Records from a data collection:
****************************************
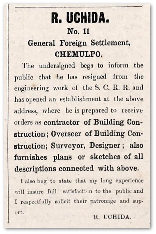 Figure 9. An advertisement for R. Uchida’s services in Chemulpo. Source: The Independent, June 22, 1899.
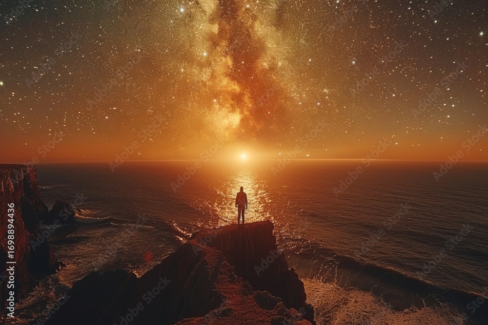 Obraz na płótnie Canvas - Sunset over ocean with galaxy backdrop viewed from a cliff in serene twilight.
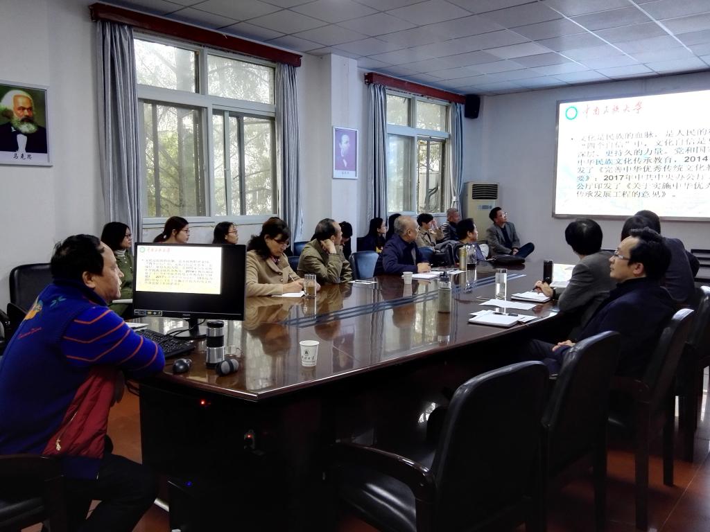 四楼会议室做了一场题为“中华民族文化传承教育应注意的几个问题”的学术讲座。党委书记汤德森、党委副书记王雄、副院长周芳、熊友华以及部分教师和17级研究生听取了本次讲座。讲座由国产自拍
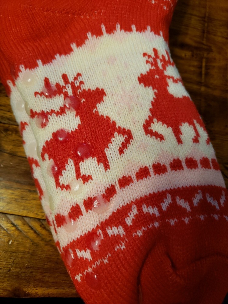Cozy Shop Sherpa Lined Knit Socks Rubber Grips Red & White with Reindeers Super Soft Stocking Stuffer. Condition is New with tags. Shipped with USPS First Class Package....
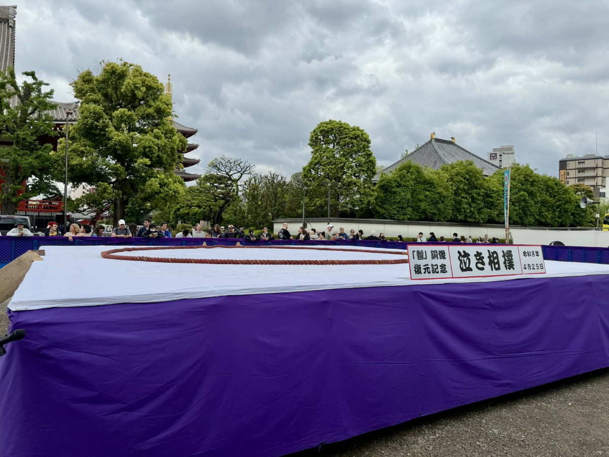 子どもの健やかな成長を祈る第36回「泣き相撲」が浅草寺(台東区浅草2)で4月25日、多くの観光客が見守る中で開催された。
****************************************
# Exercise requirements
With the pictures left out, write out exactly the lines from the line containing "Cozy Shop Sherpa" through the last line of the entries above, both ends included, and no others.

# Exercise answer
Cozy Shop Sherpa Lined Knit Socks Rubber Grips Red & White with Reindeers Super Soft Stocking Stuffer. Condition is New with tags. Shipped with USPS First Class Package....
 子どもの健やかな成長を祈る第36回「泣き相撲」が浅草寺(台東区浅草2)で4月25日、多くの観光客が見守る中で開催された。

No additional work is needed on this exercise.